- [YOUR TASK]: Among the entries below, find each line holding "tone" and return it.

- [DATA SHOWN]:
=== Section Start ===

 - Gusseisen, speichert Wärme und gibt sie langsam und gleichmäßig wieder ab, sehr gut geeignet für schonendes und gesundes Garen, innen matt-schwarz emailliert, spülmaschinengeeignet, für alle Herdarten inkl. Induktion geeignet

=== Section End ===
=== Section Start ===

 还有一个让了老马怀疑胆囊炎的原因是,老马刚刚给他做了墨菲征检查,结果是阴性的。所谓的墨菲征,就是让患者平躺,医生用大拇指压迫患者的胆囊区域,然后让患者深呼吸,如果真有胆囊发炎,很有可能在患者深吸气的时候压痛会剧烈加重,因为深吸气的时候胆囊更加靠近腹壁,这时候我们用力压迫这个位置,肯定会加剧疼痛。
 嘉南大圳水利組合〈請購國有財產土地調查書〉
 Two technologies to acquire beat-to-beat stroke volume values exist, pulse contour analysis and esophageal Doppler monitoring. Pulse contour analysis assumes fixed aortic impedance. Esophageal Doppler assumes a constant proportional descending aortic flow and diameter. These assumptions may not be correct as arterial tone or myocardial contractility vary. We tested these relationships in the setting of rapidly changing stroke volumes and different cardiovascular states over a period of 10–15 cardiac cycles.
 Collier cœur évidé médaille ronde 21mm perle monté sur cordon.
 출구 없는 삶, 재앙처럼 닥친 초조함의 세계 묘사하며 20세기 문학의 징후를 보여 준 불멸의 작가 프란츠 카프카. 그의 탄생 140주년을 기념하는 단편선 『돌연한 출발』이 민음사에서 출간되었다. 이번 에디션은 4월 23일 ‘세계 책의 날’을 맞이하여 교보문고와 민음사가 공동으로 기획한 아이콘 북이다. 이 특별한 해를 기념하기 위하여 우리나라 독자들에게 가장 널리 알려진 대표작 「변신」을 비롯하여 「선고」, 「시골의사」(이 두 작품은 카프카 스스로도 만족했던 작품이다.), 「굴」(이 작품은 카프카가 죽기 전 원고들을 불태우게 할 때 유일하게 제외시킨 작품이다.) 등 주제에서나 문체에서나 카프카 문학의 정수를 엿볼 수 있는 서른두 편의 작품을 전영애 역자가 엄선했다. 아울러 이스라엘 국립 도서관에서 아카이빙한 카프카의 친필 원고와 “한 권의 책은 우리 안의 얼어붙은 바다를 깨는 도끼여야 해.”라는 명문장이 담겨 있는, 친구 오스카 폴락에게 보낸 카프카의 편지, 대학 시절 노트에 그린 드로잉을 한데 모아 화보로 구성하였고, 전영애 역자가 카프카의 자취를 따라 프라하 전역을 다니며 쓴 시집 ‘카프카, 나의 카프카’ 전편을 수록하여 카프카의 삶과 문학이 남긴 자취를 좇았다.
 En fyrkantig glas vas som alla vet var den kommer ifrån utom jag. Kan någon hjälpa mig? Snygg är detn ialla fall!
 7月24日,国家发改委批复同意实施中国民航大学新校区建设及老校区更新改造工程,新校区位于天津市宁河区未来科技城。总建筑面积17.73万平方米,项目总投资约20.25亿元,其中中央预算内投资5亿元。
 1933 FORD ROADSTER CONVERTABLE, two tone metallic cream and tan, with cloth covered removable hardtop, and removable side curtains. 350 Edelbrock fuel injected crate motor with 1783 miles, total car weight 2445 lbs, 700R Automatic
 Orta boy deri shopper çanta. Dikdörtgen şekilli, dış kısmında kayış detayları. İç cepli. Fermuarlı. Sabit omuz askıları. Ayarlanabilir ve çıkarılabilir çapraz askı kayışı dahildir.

=== Section End ===

- [EXERCISE RESPONSE]:
 Two technologies to acquire beat-to-beat stroke volume values exist, pulse contour analysis and esophageal Doppler monitoring. Pulse contour analysis assumes fixed aortic impedance. Esophageal Doppler assumes a constant proportional descending aortic flow and diameter. These assumptions may not be correct as arterial tone or myocardial contractility vary. We tested these relationships in the setting of rapidly changing stroke volumes and different cardiovascular states over a period of 10–15 cardiac cycles.
 1933 FORD ROADSTER CONVERTABLE, two tone metallic cream and tan, with cloth covered removable hardtop, and removable side curtains. 350 Edelbrock fuel injected crate motor with 1783 miles, total car weight 2445 lbs, 700R Automatic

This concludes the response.